Это было сказано мягко, с заботой в голосе, с улыбкой. Но я услышала то, что стояло за этими словами: уезжай. Тебе здесь не место. При Светлане, при Клавдии — при всех.

Роман молчал. Он сидел, ссутулившись и ковыряя ложкой остатки шарлотки на тарелке. Даже не поднял головы.

– Ромочка, – продолжила Валентина Алексеевна, – ты ведь тоже так считаешь? Пусть Оля отдохнет.

– Ну... может, и правда, – выдавил он, не поднимая глаз.

Клавдия тактично отвернулась к окну. Светлана разглядывала свой маникюр. Я сидела за столом, который накрыла своими руками, среди тарелок, которые мыла, бокалов, которые протирала, и чувствовала, как горло сжимается, будто кто-то медленно затягивает шарф.

И тогда я поняла: все. Дальше терпеть нечего. Я встала из-за стола, вышла в нашу комнату. Открыла шкаф, достала из-под стопки белья конверт. Плотный, с загнутым уголком. Вернулась на кухню.

– Что это? – спросила Светлана, увидев конверт в моих руках.

– Григорий Петрович мне передал этот конверт, – сказала я. – Перед тем как его не стало. Просил отдать Роме, если станет совсем невмоготу. Я не вскрывала, не знаю, что там. Но вот, стало.

Валентина Алексеевна побледнела. Шаль сползла с одного плеча, но она не поправила.

– Что за конверт? – резко спросила она. – Какой еще конверт? Дай сюда!

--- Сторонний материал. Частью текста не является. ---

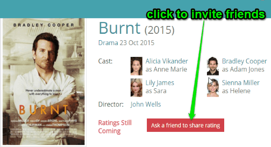 Find a movie and open its info. At the bottom, you will be able to see an option ” Ask a friend to share ratings”. Click the option to invite friends to recommend or discuss movies and share ratings. The following screenshot shows how to invite friends.
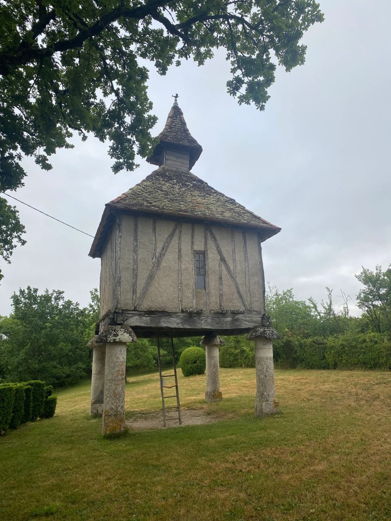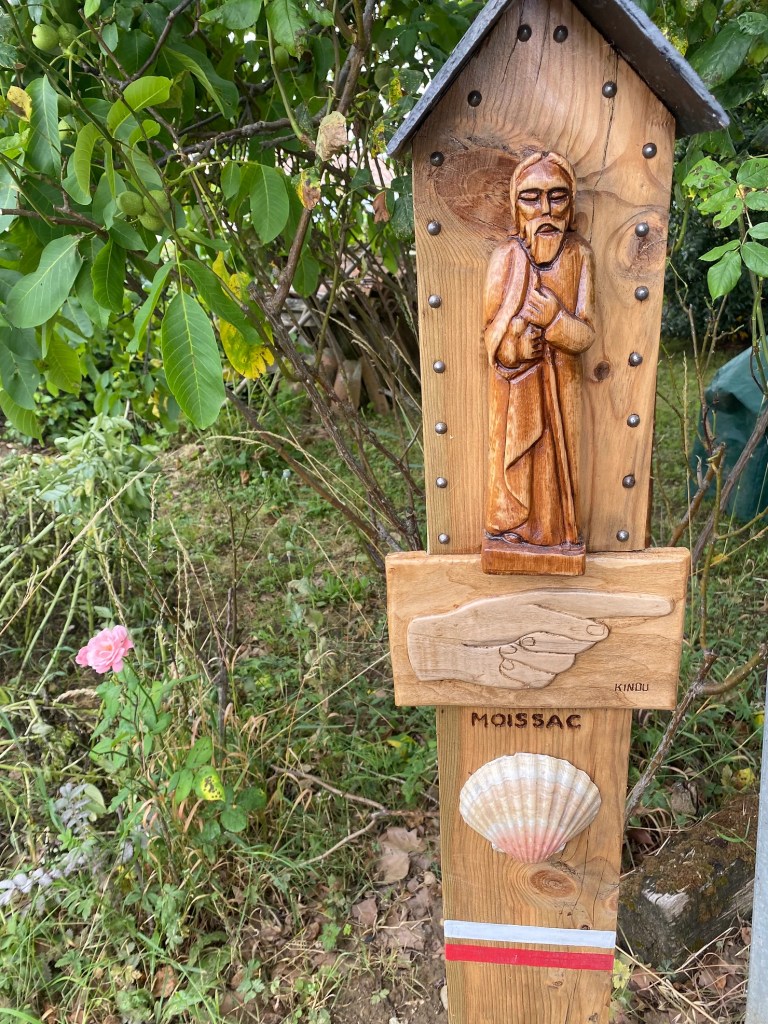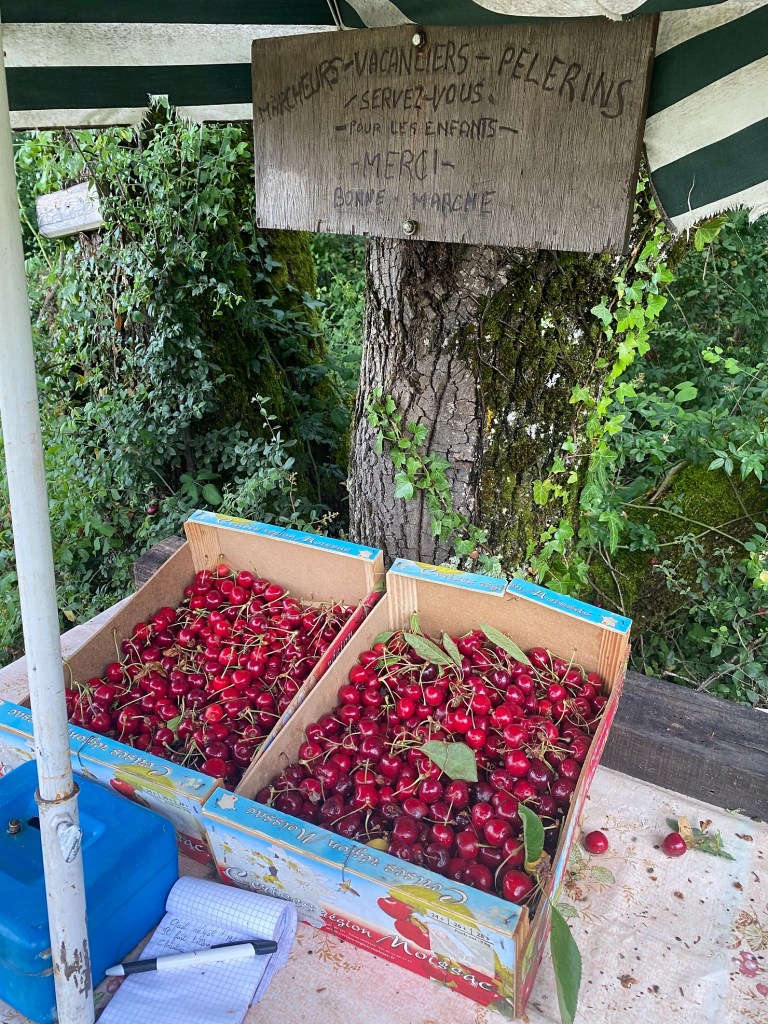 Samedi 4 juin, le petit déjeuner est prêt il y a tout ce qu’il faut pour un bon départ sur le chemin. Lorsque je quitte le gîte, une épaisse brume enserre la colline fortifiée de Lauzerte. Pour suivre le tracé blanc et rouge, je remonte vers le centre encore endormi. La vue sur la mer de brouillard est douce et apaisante. Le chemin m’amène brièvement vers la large vallée de la Barguelonne où je dois marcher sur du goudron. Je découvre un très beau pigeonnier. Il n’y a strictement plus aucun pèlerin en vue. A l’approche d’un verger, un cultivateur a mis ici un stand avec des plateaux de fruits cueillis. Il s’agit d’un donativo (chacun peut mettre le montant qu’il souhaite) au profit des enfants. J’y déguste quelques délicieuses cerises. Afin d’éviter l’horrible entrée dans Moissac, j’emprunte la variante qui traverse un agréable quartier de villas assez cossues et va m’amener à l’auberge des Chemins. Après une bonne douche, je pars visiter l’abbatiale et son fameux cloître, je ne vais pas être déçus !

– Он адресован Роману, – ответила я и протянула конверт мужу.

Роман взял его, нахмурился, ощупал конверт пальцами, будто проверяя, что внутри. Вскрыл. Внутри лежал сложенный вчетверо лист. Он читал молча, губы его едва шевелились. Потом поднял голову, посмотрел на мать.

– Вслух, – попросила Светлана. – Что там?

Роман кашлянул.

– «Рома, дорогой мой. При жизни не смел тебе сказать, да и язык не поворачивался. Мать твоя – женщина сильная, но сила ее такая, что рядом с ней все сохнет. Я это на своей шкуре узнал. Тебе я оставил деньги, они на счете, номер найдешь ниже. Матери не говори, она их заберет, как забрала все, что я откладывал. Держись от нее подальше, сынок. Не потому что она плохая. Потому что рядом с ней ты пропадешь, как я пропал».

Все замолчали. Клавдия прижала ладонь ко рту. Светлана смотрела на мать расширенными глазами. Валентина Алексеевна вцепилась в край шали обеими руками, стянула ее на груди.

– Это вранье, – сказала она. – Это она написала! Подделка!

– Мама, – тихо сказал Роман. – Это папин почерк. Левша. Ты же видишь буквы. Точно такие, как на открытке.

– Ничего я не вижу! Дай сюда, я разорву эту...

Она потянулась к письму, но Роман убрал руку. Впервые на моей памяти он не уступил матери так открыто, при свидетелях. Сидел, прижимая письмо к столу, и смотрел на нее молча.

– Это неправда, – повторила Валентина Алексеевна, но голос у нее уже дрожал. – Григорий был... он не мог...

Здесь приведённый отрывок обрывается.